Saideira
02/08/13 14:39Os franceses de esquerda, direita e centro (se é que isso existe de fato aqui) estabeleceram uma espécie de pacto de melancolia quando falam sobre o futuro de seu país. É um mal-estar existencial que se espraiou na imprensa, na política, nas conversas dos cafés e é o tema do último post deste blog, que será desativado.
A crise atual – com crescimento pífio e desemprego acima dos 11% da força de trabalho (recorde desde a década de 1990) – tornou o medo do declínio do país em uma experiência concreta e dolorosa.
Neste um ano trabalhando como repórter aqui, tive oportunidade de testemunhar como ricos e pobres são passageiros da agonia. Cada qual à sua maneira, é claro.
Uccle, um próspero subúrbio de Bruxelas, se tornou um paraíso para franceses endinheirados cansados dos impostos crescentes no país. Quando estive lá, meu táxi ficou preso em um surreal engarrafamento de porsches, jaguares e audis. (O texto você lê aqui). O ator Gerard Depardieu, o mais famoso “exilado fiscal” recente, não está sozinho.
Na divisa entre Paris e a cidade metropolitana de Montreuil, uma passarela sobre a Périphérique (anel viário de 10 pistas) vira um formigueiro nos finais de semana com pessoas comprando e vendendo todo o tipo de quinquilharias usadas. A feira clandestina é movida pela “biffe”, a atividade de juntar objetos no lixo e recuperá-los para vender. A novidade é que a atividade, antes praticamente restrita a imigrantes miseráveis, serve para assalariados franceses complementarem o orçamento do final do mês. É um exemplo chocante de empobrecimento da classe média-baixa de Paris. (Leia aqui reportagem de Mercado.)
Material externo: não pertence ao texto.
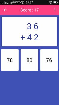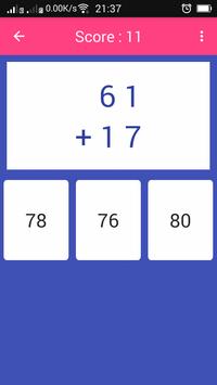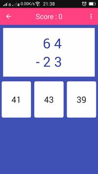 * Unlimited Addition questions. * Unlimited Subtraction questions. * Unlimited Multiplication questions. * Easy Interface For Kids to use.

“Aqui é o deserto da República. A polícia só aparece quando há um problema grande, a educação não funciona e o desemprego é muito maior do que dizem porque muita gente sem papel não entra na estatística”, disse-me o comerciante Nasri Guergous, 48, em Amiens-Nord, uma periferia que explodiu numa onda de violência no ano passado. Sintomaticamente, o local abriga uma fábrica de pneus da Good-Year em vias de ser destivada – que foi tema de posts no blog. (Leia mais aqui e aqui.)
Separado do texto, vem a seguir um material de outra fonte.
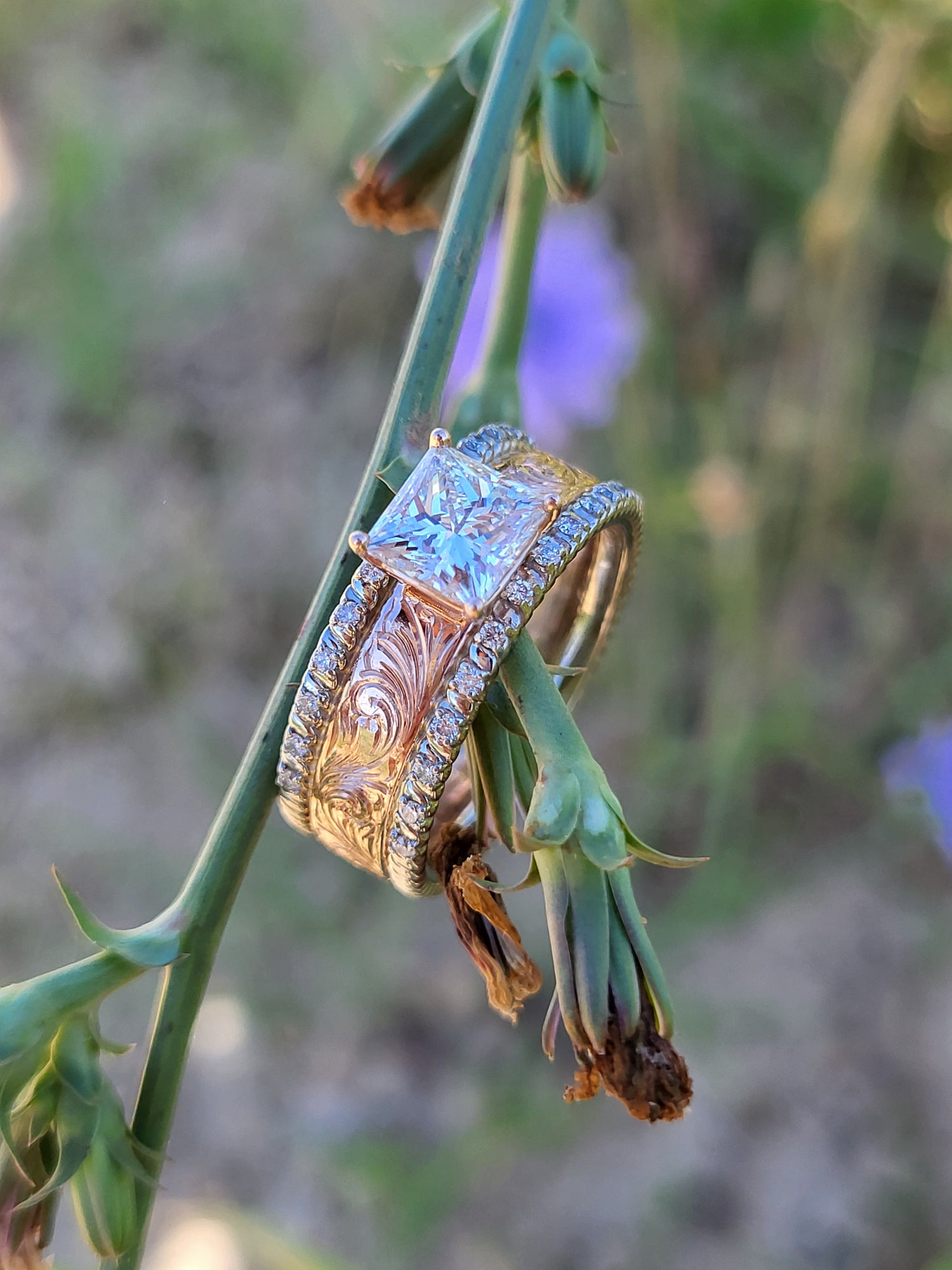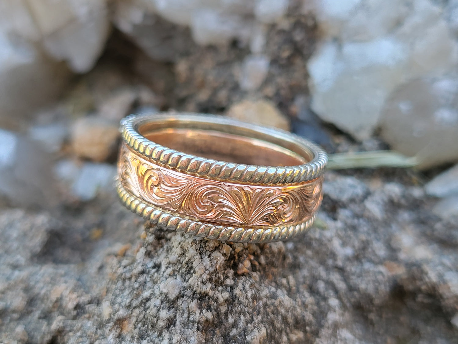 The Kinsley: Rope and Diamond Edge Engagement Ring with Hand-Engraved Center, Western Engagement Ring, Cowgirl Ring, Rose Gold Scrollwork Engagement Ring for Cowgirls

Para um brasileiro da minha geração, a crise atual francesa é dura, mas está longe de ser um pesadelo como o confisco da poupança em 1990. Ou a hiperinflação. Ou da aterradora onda de assassinatos que solapou Salvador durante a greve da Polícia Militar no ano passado.
A comparação é certamente imprecisa, mas sempre me pergunto se esse mal-estar francês não seria uma tortura psicológica autoimposta. Um exagero já que a própria França já viveu períodos muito mais duros no passado e saiu muito forte (com a ajuda dos americanos, é verdade). Afinal, isso aqui também a terra dos trens de alta-velocidade, do luxo, da cozinha gloriosa e de grande apreço pela alta-cultura. Está entre os cinco maiores exportadores do mundo
O jornalista americano Roger Cohen fez-se a mesma pergunta e chegou a uma conclusão bastante tenaz: o mal-estar existencial está para os franceses como a família real está para os ingleses. É um meio de definir a si próprios.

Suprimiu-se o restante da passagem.